• _What to produce_: Output only the lines from the line holding "Хомут nylon 400 х 5.0 мм 25шт красный REXANT" through the close of the records, exactly as they appear, with all pictures omitted.

[Dataset entries]
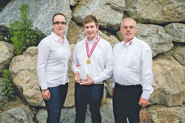Beim Bundeslehrlingswettbewerb der Fleischer, der heuer im benachbarten Tirol stattfand, holte sich der Vorarlberger Tobias Geuze (Lehrbetrieb Tann, Dornbirn) die Bronzemedaille. Foto: v. l.: Trainerin Rebecca Richtfeld, Bronzemedaillengewinner Tobias Geuze und Ernst Marte, Leiter der Firma Tann. Foto: tann
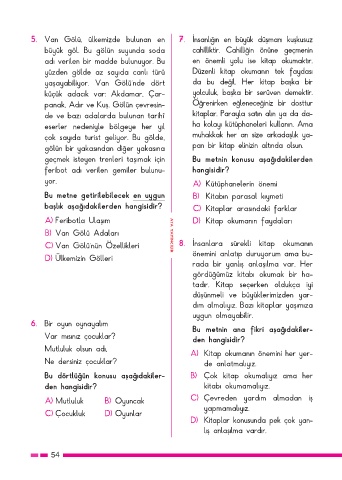 C) Van Gölü’nün Özellikleri 8. İnsanlara sürekli kitap okumanın
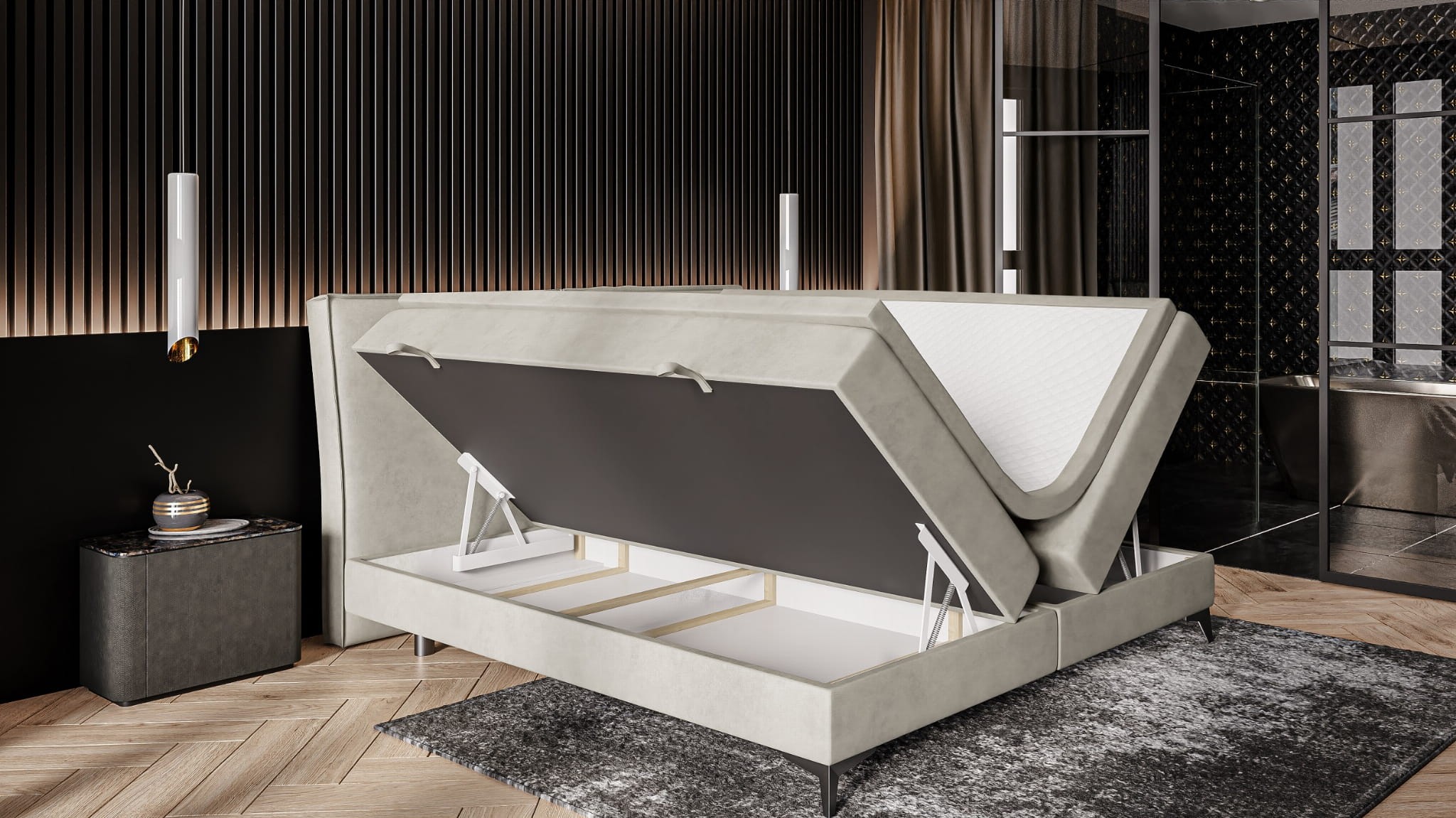 Chcesz nadać swojej sypialni nowoczesnego charakteru i nuty elegancji? Łóżko kontynentalne LOLLY o powierzchni spania 120x200 to idealne rozwiązanie! Duży wybór kolorystyczny pozwala na swobodę w aranżacji wnętrz oraz łatwe dopasowanie do gustu i preferencji. Przepiękne lamówki na wezgłowiu sprawiają, że oparcie wygląda jak miękkie poduszki zachęcające do wypoczynku. Wzbogacone ozdobnym szwem tworzą przepiękny efekt. Podstawa łóżka wykonana jest z solidnej płyty malowanej na biało, a kolejną warstwę tworzy materac bazowy ze sprężyn typu bonell i pianki T-25. W zestawie znajduje się również wygodny materac nawierzchniowy topper z bokami w kolorze tapicerki, ubrany w miękki pokrowiec z tkaniny Jersey. To łóżko LOLLY łączy funkcjonalność z estetyką. Posiada podwójny pojemnik na pościel otwierany od boków, co zwiększa komfort użytkowania i praktyczność. Całość uzupełniają oryginalne, metalowe nogi w czarnym kolorze o wysokości 13cm.
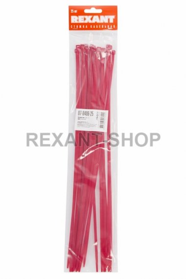 Хомут nylon 400 х 5.0 мм 25шт красный REXANT
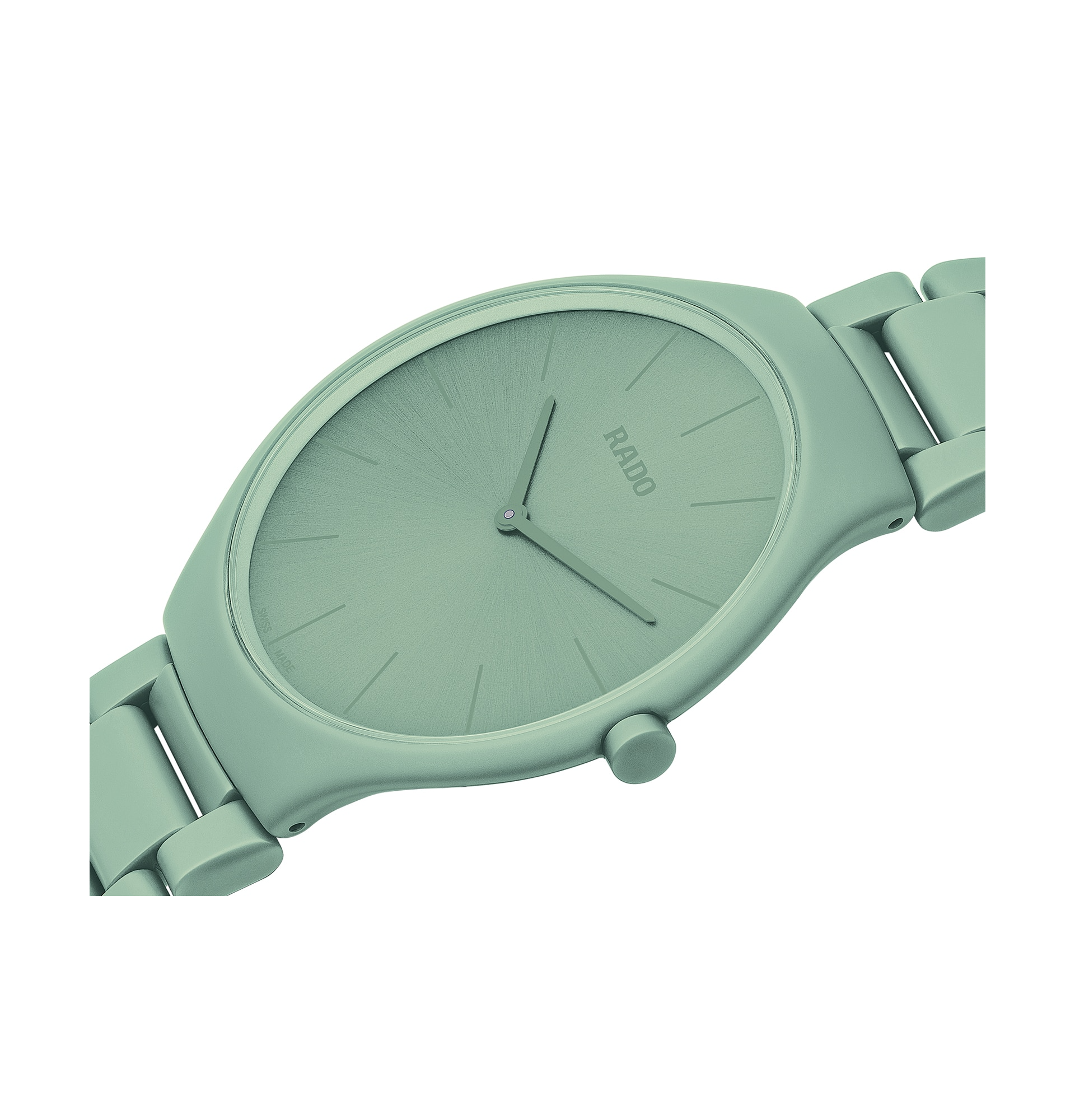 Швейцарские часы из лимитированной серии 999 экземпляров Rado True Thinline Le Corbusier R27096662, кварцевый механизм с высокой точностью. Сапфировое стекло устойчивое к появлению царапин, обладающее высокой прозрачностью. Класс водозащиты: 30 метров, позволит защитить корпус от случайных брызг или капель дождя. Корпус часов изготовлен из керамики, зеленого цвета.
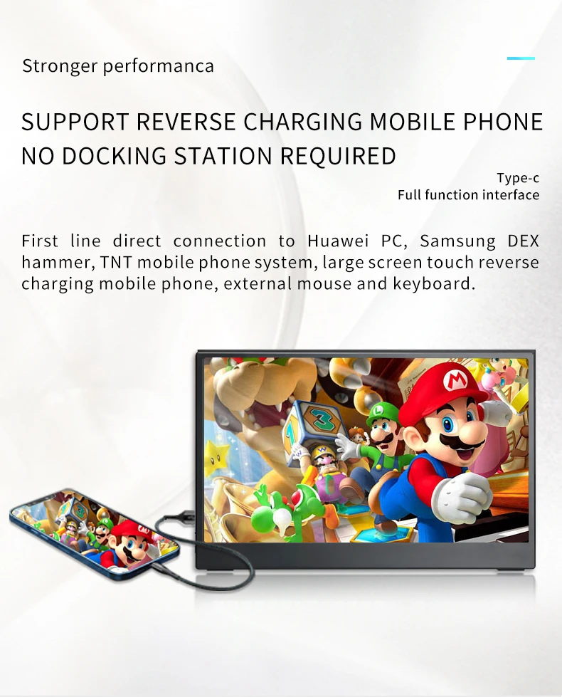 6. Se puede utilizar como un segundo monitor para PC/portátil/escritorio/Mac/Smartphone, etc., trabajando simultáneamente.
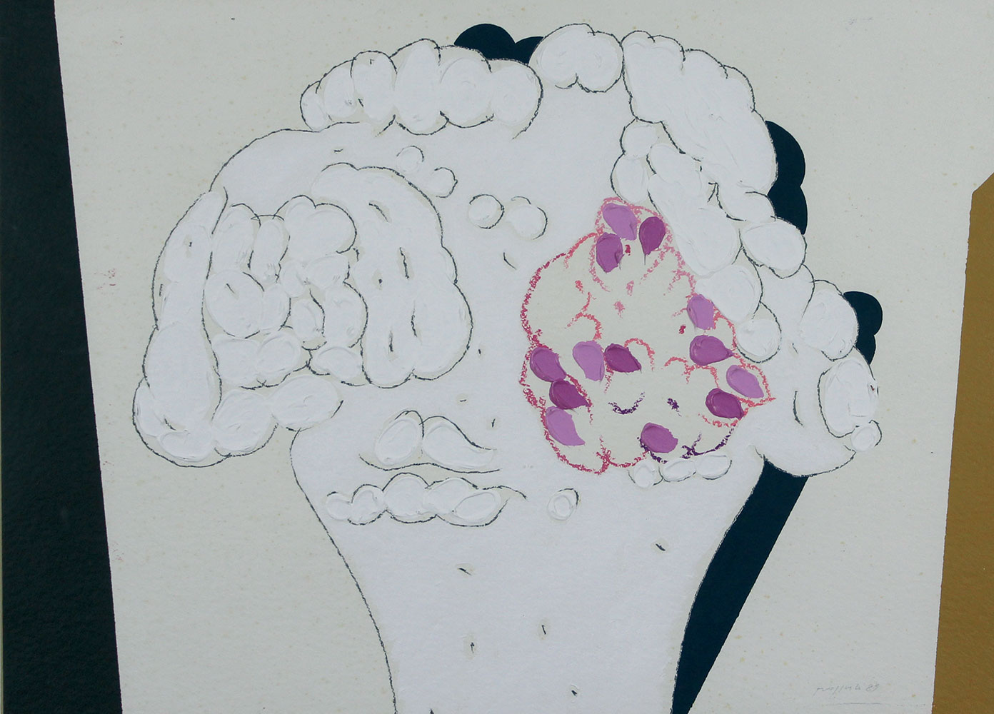 Pozzati Concetto A che punto siamo con i fiori, 1989 tecnica mista su cartone, cm. 75,5x56,5 firmata e datata in basso a destra, certificato di autenticità e archiviazione dell'artista su fotografia datato 23/11/1990 con timbro della Galleria Pace di Milano

• _Your solution_:
 Хомут nylon 400 х 5.0 мм 25шт красный REXANT
 Швейцарские часы из лимитированной серии 999 экземпляров Rado True Thinline Le Corbusier R27096662, кварцевый механизм с высокой точностью. Сапфировое стекло устойчивое к появлению царапин, обладающее высокой прозрачностью. Класс водозащиты: 30 метров, позволит защитить корпус от случайных брызг или капель дождя. Корпус часов изготовлен из керамики, зеленого цвета.
 6. Se puede utilizar como un segundo monitor para PC/portátil/escritorio/Mac/Smartphone, etc., trabajando simultáneamente.
 Pozzati Concetto A che punto siamo con i fiori, 1989 tecnica mista su cartone, cm. 75,5x56,5 firmata e datata in basso a destra, certificato di autenticità e archiviazione dell'artista su fotografia datato 23/11/1990 con timbro della Galleria Pace di Milano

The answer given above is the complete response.